Please repeat exactly the lines from the one containing "Cette invitation de" to the end of the entries below, both included, and omit all pictures.

[Data excerpts]
* * * *
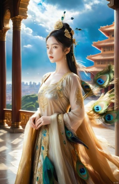 1girl,full body,cloud,sky,cloudy_sky,scenery,architecture,horizon,pillar,1girl,solo,look at the audience,long_hair,girl wearing peacock dress,elegant and graceful beauty,In this breathtaking architectural setting,A towering structure ascends from the terrain,its magnificence reaching out towards the cloudy sky,merging seamlessly with the horizon in an otherworldly ballet.At its foundation, a lone figure stands firm,a girl, exuding elegance and grace in her stance,adorned in a peacock-inspired dress that gleams and flows,her lustrous locks tumbling down like a stream of golden liquid.She fixes her gaze upon us with tranquil self-assurance,her very presence as captivating as the panorama surrounding her.The towering pillars of the majestic edifice stand sentinel behind her,their presence mirroring her own inner fortitude and resilience.This harmonious blend of human beauty and architectural splendor,serves as a testament to both the artist's creative vision and nature's inherent allure.In this instant, she becomes one with the landscape,a living sculpture set against the canvas of the cloudy sky,an emblematic embodiment of poise and elegance amidst soaring architecture., 1girl<lora:EMS-317135-EMS:0.800000>, <lora:EMS-322041-EMS:0.600000>
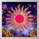 "Feu dansant du Cosmos" Le Soleil. Les tourbillons hypnotiques du soleil et les éruptions d’or donnent l’illusion du mouvement, comme si les flammes solaires étaient vivantes. Un chef-d'oeuvre complexe célébrant l'énergie, la chaleur et l'équilibre céleste avec des couleurs rouge, orange, jaune et bleu.
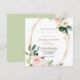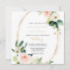 Cette invitation de mariage florale élégante géométrique de verdure & d'or est parfaite pour un mariage rustique. Le design présente de jolies roses peintes à la main en blanc, rose et fuchsia et une touche de verdure, ornant des cadres géométriques dorés, inspirant une beauté artistique.
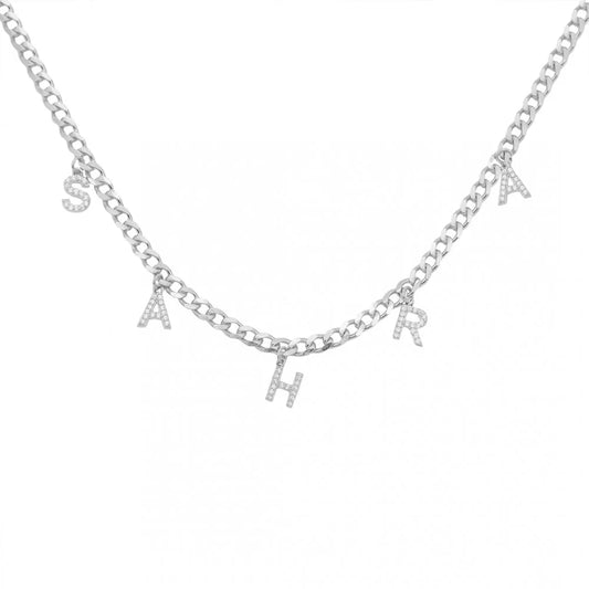 Buchstaben Namenskette in 925er Silber mit Zirkonia Steinen
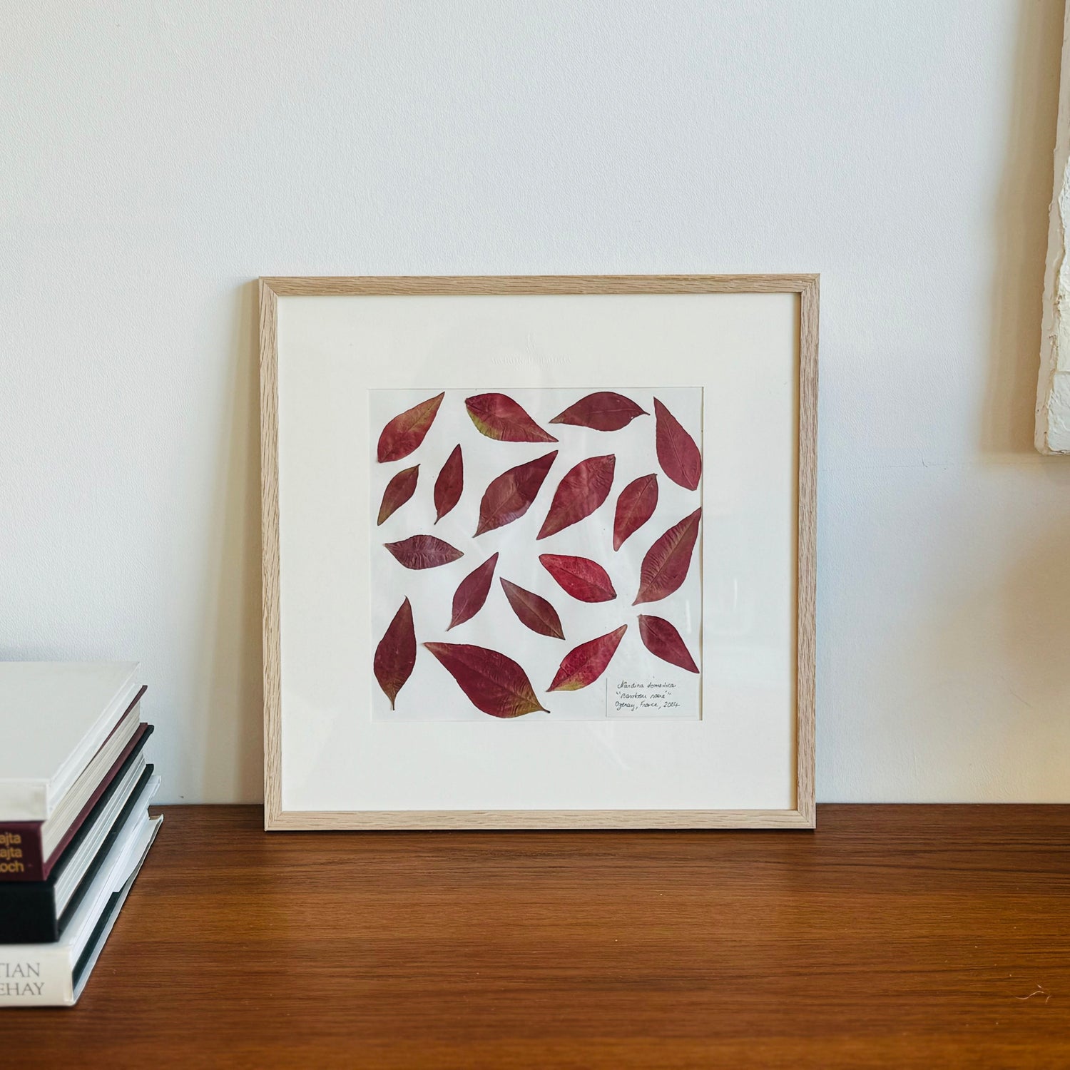Herbier Encadré, carré (bois), Nandina Domestica, France
* * * *
* **ANSWER BOX**:
 Cette invitation de mariage florale élégante géométrique de verdure & d'or est parfaite pour un mariage rustique. Le design présente de jolies roses peintes à la main en blanc, rose et fuchsia et une touche de verdure, ornant des cadres géométriques dorés, inspirant une beauté artistique.
 Buchstaben Namenskette in 925er Silber mit Zirkonia Steinen
Herbier Encadré, carré (bois), Nandina Domestica, France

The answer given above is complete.